▶ [Supplied records]
----------

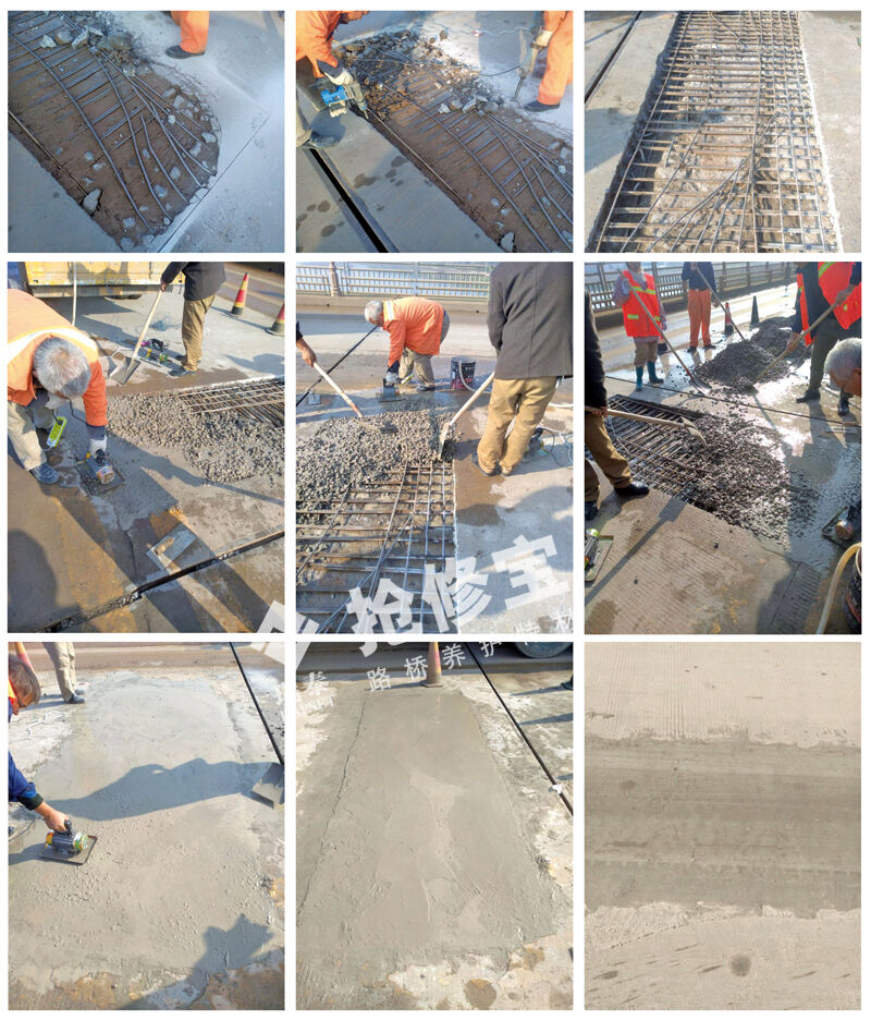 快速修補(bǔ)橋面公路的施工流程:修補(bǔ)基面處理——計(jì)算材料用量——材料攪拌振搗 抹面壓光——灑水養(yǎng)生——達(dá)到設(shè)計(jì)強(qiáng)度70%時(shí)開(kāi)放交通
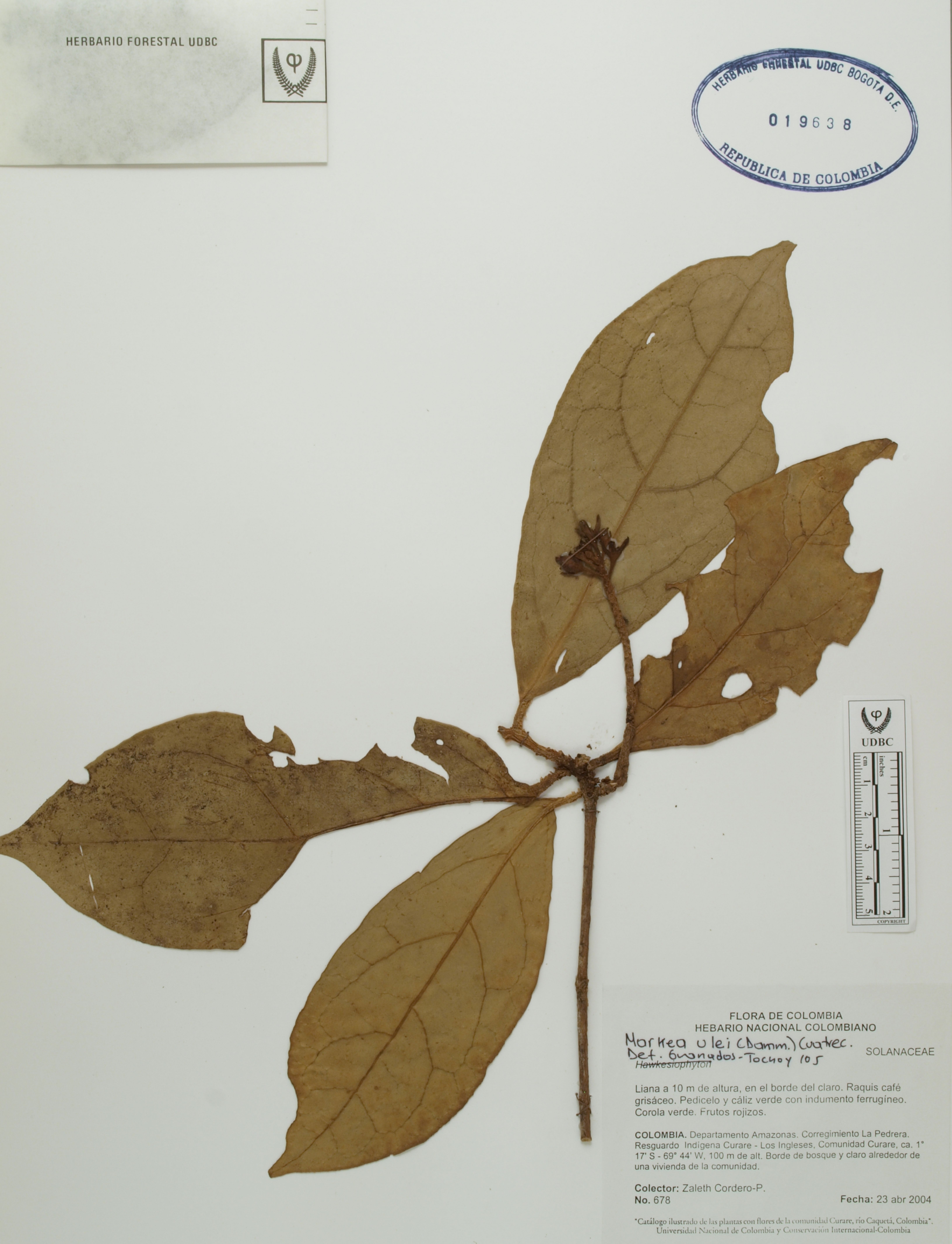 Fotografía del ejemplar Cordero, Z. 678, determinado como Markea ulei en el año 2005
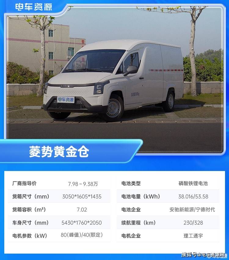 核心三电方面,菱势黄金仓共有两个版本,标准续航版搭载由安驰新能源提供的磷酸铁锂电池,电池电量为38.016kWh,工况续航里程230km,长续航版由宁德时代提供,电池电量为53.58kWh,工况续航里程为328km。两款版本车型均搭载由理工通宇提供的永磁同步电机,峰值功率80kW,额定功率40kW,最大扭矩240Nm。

----------

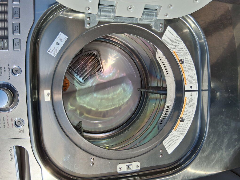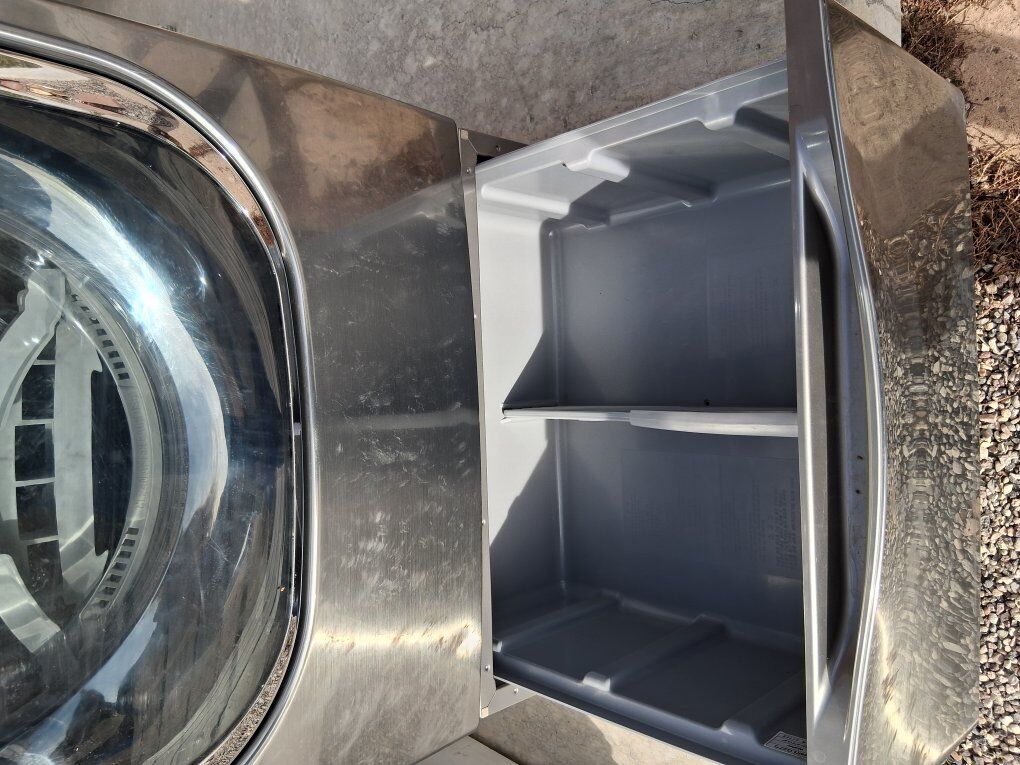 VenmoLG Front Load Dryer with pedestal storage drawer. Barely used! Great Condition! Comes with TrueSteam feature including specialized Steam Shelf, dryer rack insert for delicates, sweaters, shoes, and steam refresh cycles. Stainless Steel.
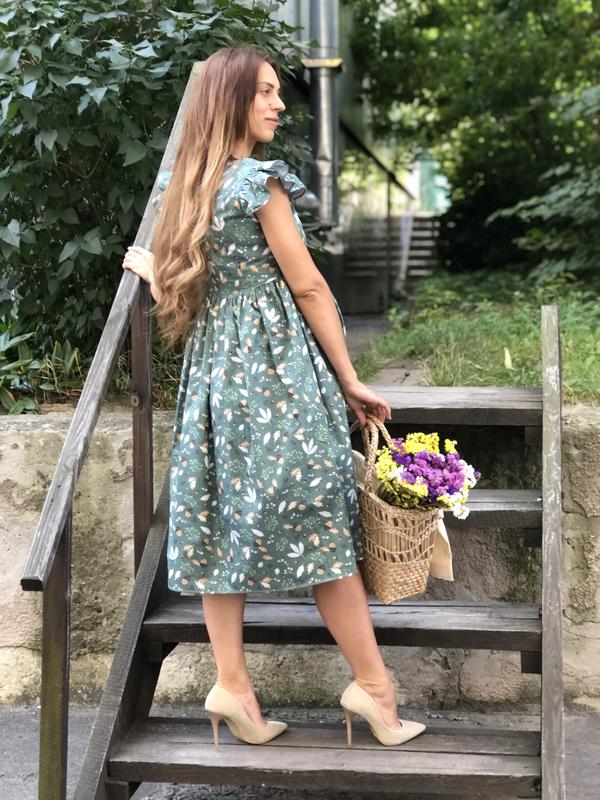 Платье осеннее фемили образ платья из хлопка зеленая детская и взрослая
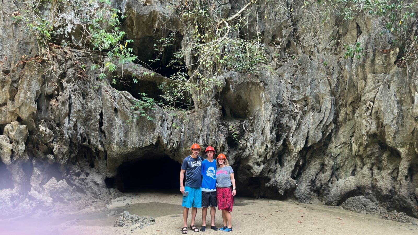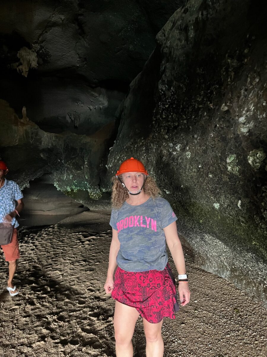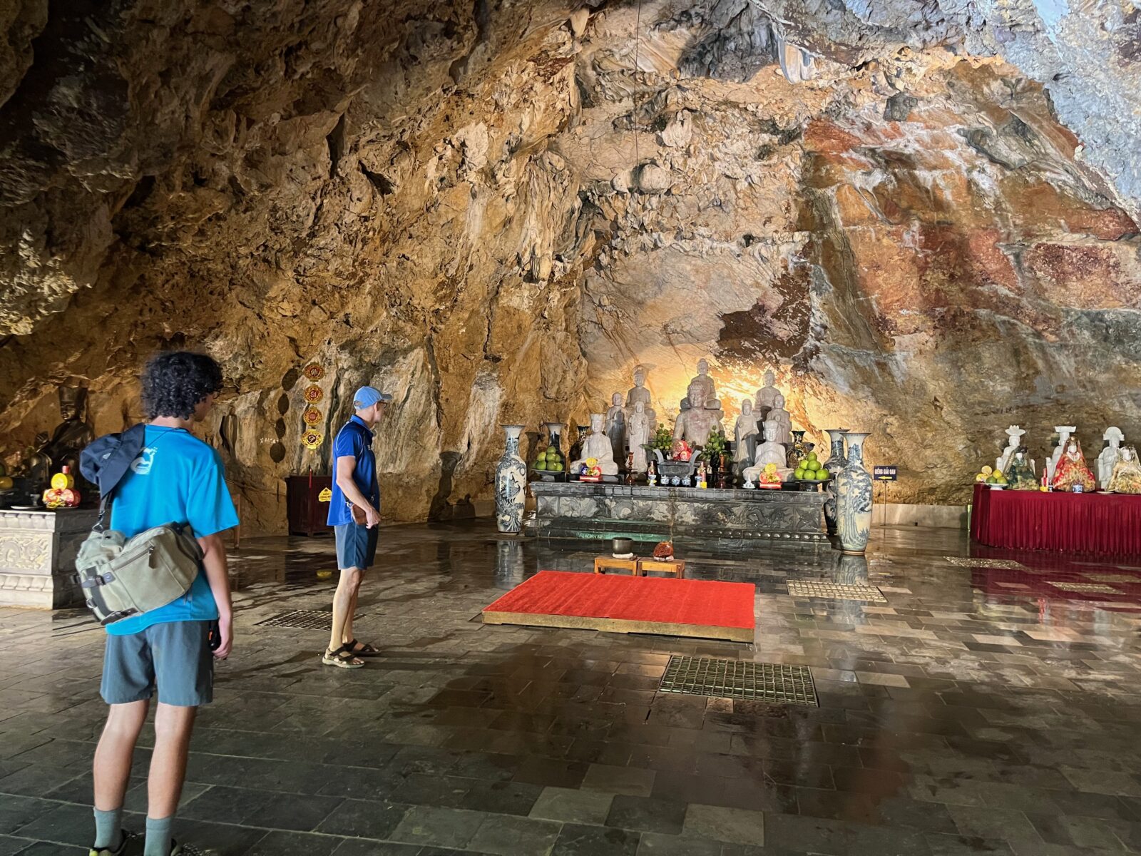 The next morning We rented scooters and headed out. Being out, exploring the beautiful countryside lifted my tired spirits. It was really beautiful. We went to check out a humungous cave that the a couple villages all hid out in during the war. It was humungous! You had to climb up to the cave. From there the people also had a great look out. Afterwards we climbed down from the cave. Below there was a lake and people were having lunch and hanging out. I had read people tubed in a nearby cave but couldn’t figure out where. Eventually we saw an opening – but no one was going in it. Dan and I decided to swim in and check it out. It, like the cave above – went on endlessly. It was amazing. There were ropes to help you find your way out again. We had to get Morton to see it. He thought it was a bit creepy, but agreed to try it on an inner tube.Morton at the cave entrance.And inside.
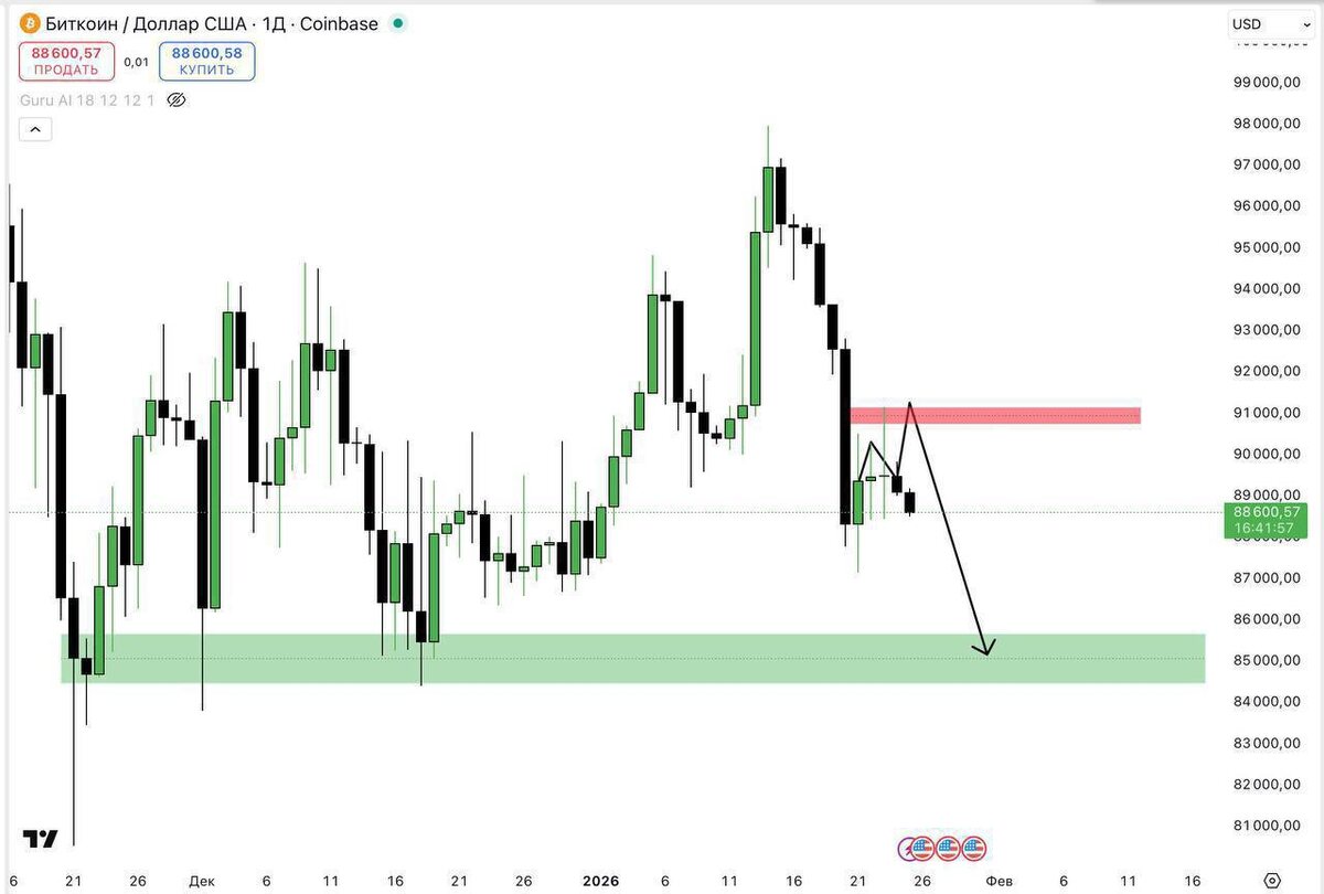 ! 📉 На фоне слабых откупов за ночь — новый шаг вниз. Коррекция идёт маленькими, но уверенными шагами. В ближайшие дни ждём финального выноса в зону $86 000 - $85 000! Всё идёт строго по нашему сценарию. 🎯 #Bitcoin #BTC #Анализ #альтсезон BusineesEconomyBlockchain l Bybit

----------

▶ [Exercise goal] Please output, exactly as written, the lines above from the one holding "快速修補(bǔ)橋面公路的施" through the one holding "核心三电方面,菱势黄金仓共有", both included, with the pictures omitted.

▶ [Response to the task]
 快速修補(bǔ)橋面公路的施工流程:修補(bǔ)基面處理——計(jì)算材料用量——材料攪拌振搗 抹面壓光——灑水養(yǎng)生——達(dá)到設(shè)計(jì)強(qiáng)度70%時(shí)開(kāi)放交通
 Fotografía del ejemplar Cordero, Z. 678, determinado como Markea ulei en el año 2005
 核心三电方面,菱势黄金仓共有两个版本,标准续航版搭载由安驰新能源提供的磷酸铁锂电池,电池电量为38.016kWh,工况续航里程230km,长续航版由宁德时代提供,电池电量为53.58kWh,工况续航里程为328km。两款版本车型均搭载由理工通宇提供的永磁同步电机,峰值功率80kW,额定功率40kW,最大扭矩240Nm。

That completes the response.